The thing is, the scientific method isn’t just for scientists. It’s a way of evaluating any problem — whether it be brewing beer, choosing a shampoo, or riding a skateboard. The scientific method is simply about understanding things better, and is a learning model that can be applied to all aspects of life. What I love most about the scientific method is its objectivity — accepting when your hypotheses are wrong, but then refining your view to correct for this.
As humans, our innate biases make true objectivity almost impossible — and that’s probably a good thing. But objectivity is perhaps something we can aspire to in some way, because being open to correcting your world view is important. As I listen to politicians, advocacy groups, or even just regular folk around the world talk about their motivations and support for important, world-changing decisions on immigration, health, and the environment, I am frightened by the absence of much willingness to learn, or to admit their mistakes or misunderstanding.
The scientific method is also a model for life-long learning, as it requires you to always test your world views; always to be gathering more data. More data also means more dots to connect — more information you can draw upon to generate higher-resolution pictures of the world. This means you should always be learning. Always growing. Always curious and questioning, but building upon solid knowledge — facts, not fiction — and joining all the dots between all the different things you’ve learnt to arrive at an informed perspective.
For many (including myself), this means challenging yourself, and questioning your views about why some topics are ‘scary’ or ‘too hard to learn’. I failed maths (and nearly flunked basic science) in high school because it was weird and abstract, and too ‘hard’ for me to bother. After a career in music, I’m now a PhD student, researching soil biology and biochemistry, all because I challenged my world view.

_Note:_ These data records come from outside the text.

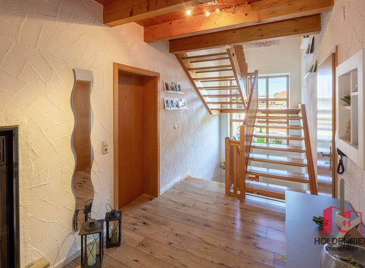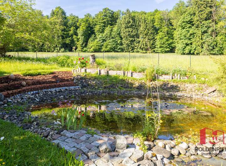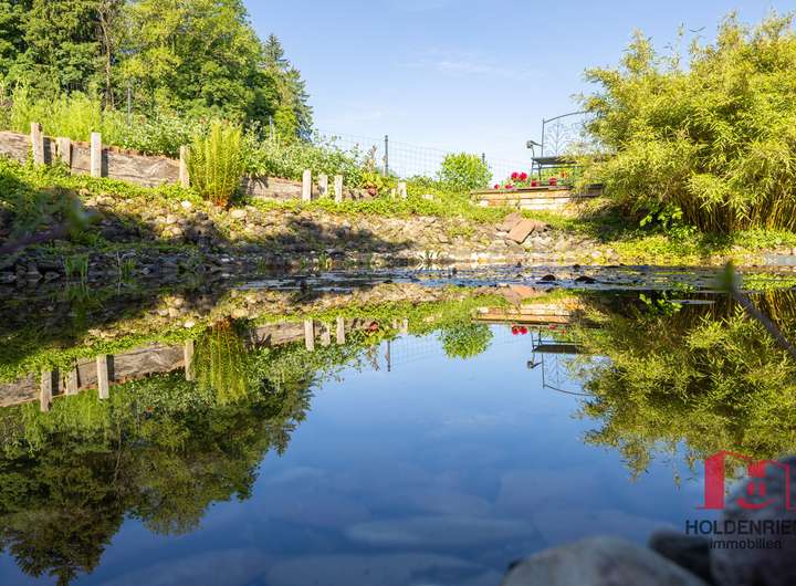 Schon beim Betreten spüren Sie, dass die jetzigen Bewohner ihr Haus lieben und es hegen und pflegen. Hier passt einfach alles und der wunderschöne Garten kann nicht besser wirken. In den Sommermonaten wird dieser zum erweiterten Wohnzimmer. Im hinteren Teil des Gartens versteckt, gibt es einen Teich, der durch seine Artenvielfalt idyllisch und sehr harmonisch wirkt. Auf der Rückseite der Garage wurde sinnigerweise ein Unterstand für das Brennholz geschaffen. Gleichzeitig bietet dieser gepflegte Platz Raum für eine Bank und einen Strandkorb. So lässt sich in den Abendstunden, mit einem Blick über den Teich, der Sonnenuntergang genießen.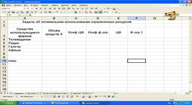 - курсор в ячейку В19. В данную ячейку будет помещаться значение целевой функции после решения задачи;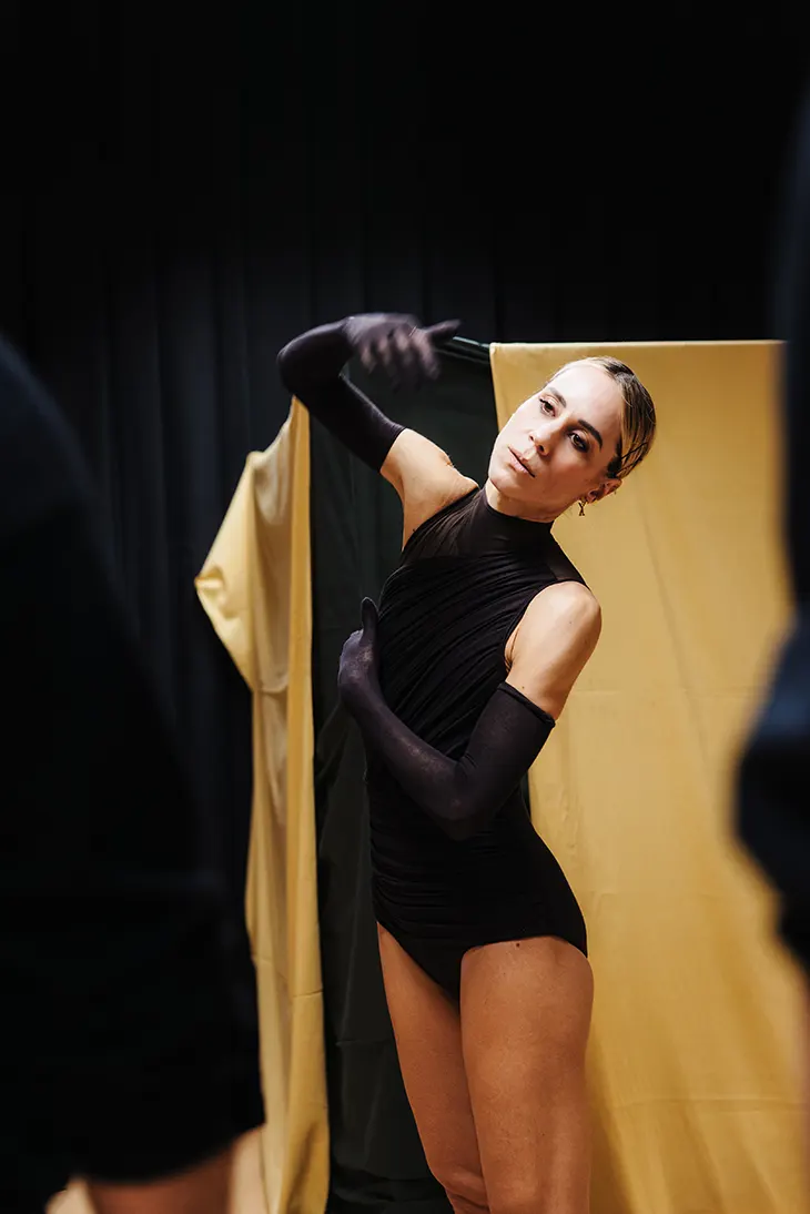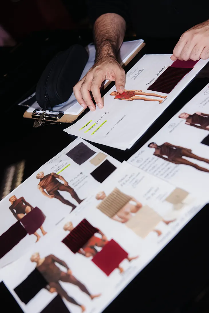 For the female dancers, the foundation is formed by draped bodysuits in jersey, cashmere, and stretch nylon tulle with a soft, silky feel. Color moves through “purebred,” amaranth, and nude tones, chosen to register as temperature and vibration under stage light. These bases are wrapped in lycra and stretch jersey, alternating matte and glossy finishes to sharpen contrast and emphasize the choreography’s internal oppositions.

Dismissing abstract concepts as ‘stuff I’ll never need’ completely misses the point about learning science and maths, or learning anything, really. The point is: you should generate all the dots you can, and it just so happens that science and maths have some of the most crucial dot points you will ever need.
Why I Marched for Science
The scientific method can change anyone’s perspective. It’s about a curiosity, and an openness to see things from a different perspective, even if it opposes your current world view. I want more people to experience what I have experienced — even a little bit.
For that to happen, we need a society that’s accepting and open to this. We need governments who support science growth, and research in the long term. We need scientifically-literate people in all facets of society, including government, industry and the arts; not just research. We need everyone to embrace their curiosity. We need everyone to question their reality, but to also be ready to accept what is fact, and to move forward. Build upon the shoulders of giants.
That’s why I marched.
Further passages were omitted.